If you think you’re fine without a bathroom or shower, test out a tent trailer or converted van. If you don’t like the idea of towing, try a Class C. This also helps in the shopping process, giving you a filter for your must-have features as you are inundated with the dizzying list of campers on the market.
3. Pack Your Belongings Inside and Out
If you’ve never traveled with a camper before, how do you know what to bring and what to leave at home? Once on the road, you’ll daydream of items you left behind and return home with a clump of items never touched. Stowing capacity and storage space is more than practicality; it can be increased freedom during a long journey.
Once on the road and camping, you may notice wanting a compartment for your clothes, hidden storage for extra blankets and food supplies, or an easier way to attach your bike or kayaks. Then, when you’re shopping to buy your own camper, you know exactly how much space you need and want. With such a large investment, as campers often are, you want to be sure you’re getting the right one to house the things that you love to travel with.
4. Match Your Camper With Your Preferred Type of Campground
What type of camping experience do you want, and will your camper align? If you love boondocking in quiet solitude on a mountain road, you’ll need a camper that will allow you to travel with ease over the tight and bumpy roads that will get you there. If you prefer family-friendly amenities, like a playground and pool, you may be spending most of your time in RV parks, where the size or nimbleness of your camper doesn’t matter as much.
You can best learn what type of campground you prefer with a bit of first-hand experience. On a trip with your rented or borrowed camper, book a variety of different types of campgrounds. Make notes of what you like and don’t like about each, and talk to your family or travel companions about which ones they enjoyed. Were there any places you really wanted to stay but were not able to due to the limitations of your camper? Did you feel comfortable or safe in one type of campground over another? These are telling signs.
5. Analyze the Cost and Benefit
There are many different ways to RV camp, and they fall all along the cost spectrum.
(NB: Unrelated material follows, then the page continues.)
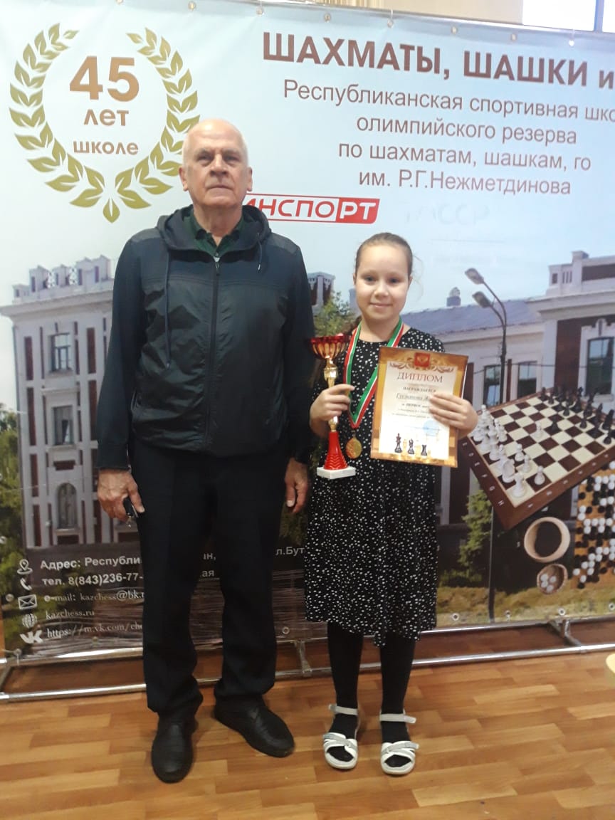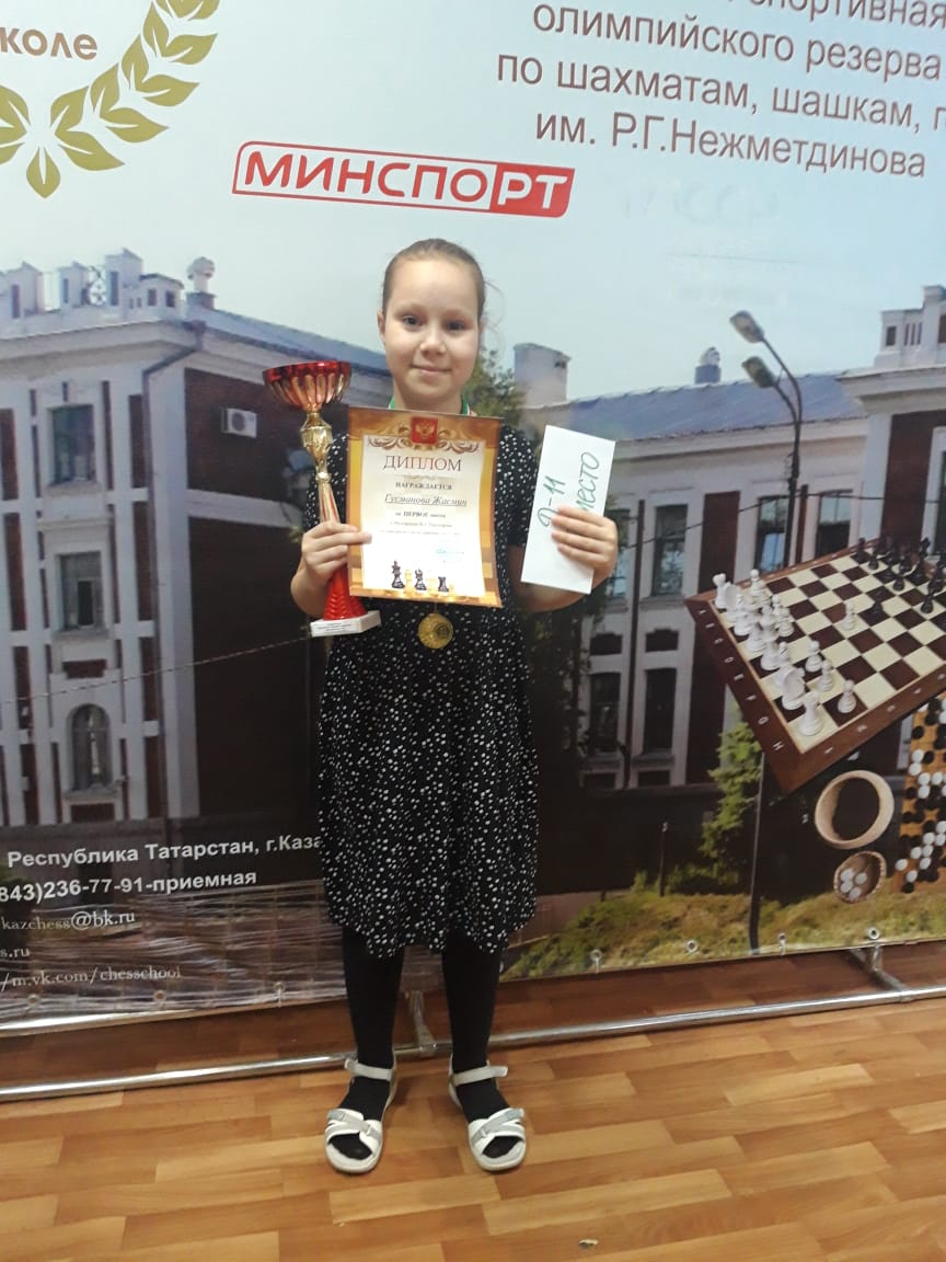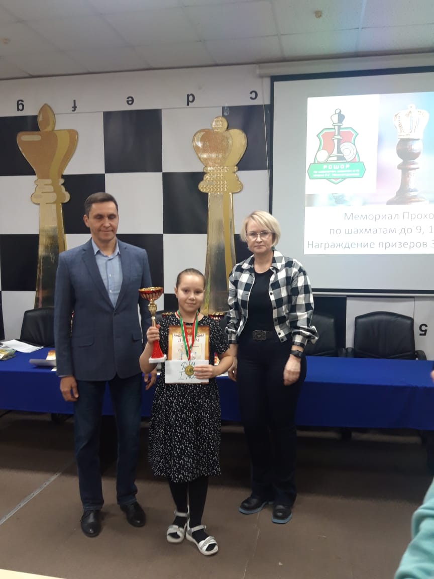 24 октября прошел Республиканский турнир Мемориала Ф. С. Прохорова по шахматам. Турнир проходил в РСШ им. Р. Г. Нежметдинова в возрастных категориях: до 9, 11, 13, 15 лет, с 24 по 30 октября. В турнире принимали участие около 200 юных шахматистов из Республики Татарстан. В категории девочки до 11 лет (2013-2014г.р) 1 место заняла Гусманова Жасмин учащаяся обьединения Шахматное "Королевство". Поздравляем победительницу! Желаем дальннйших успехов!
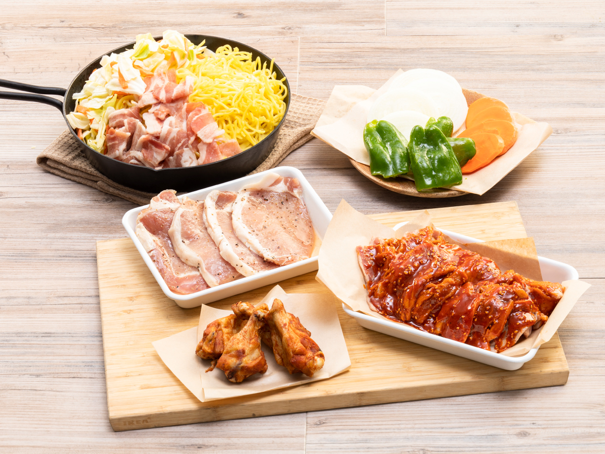 3種のお肉に焼きそばもセットになったスタンダードな食材セット

From a used pop-up camper that you score for under $5,000 to the expedition-style camper that grazes a million dollars, camping can be as expensive or as affordable as you choose to make it. That being said, it’s often more costly than some people realize. Between your camper and accessories, campground fees, insurance, and gas prices, the costs can add up quickly.
If you only camp a week or two a year, what level of camper makes the most sense for you to purchase? Only you can answer that question, but renting or borrowing an RV can help you get a sense of the expense. Rent an RV for a week-long road trip and make all the decisions you’d make on any great adventure. Keep track of the costs and use that information to help you decide what type and size of camper fit your budget, comfort level, and travel style.
The freedom of a cross-country adventure, or your forever weekend vacation, might be just one rental away.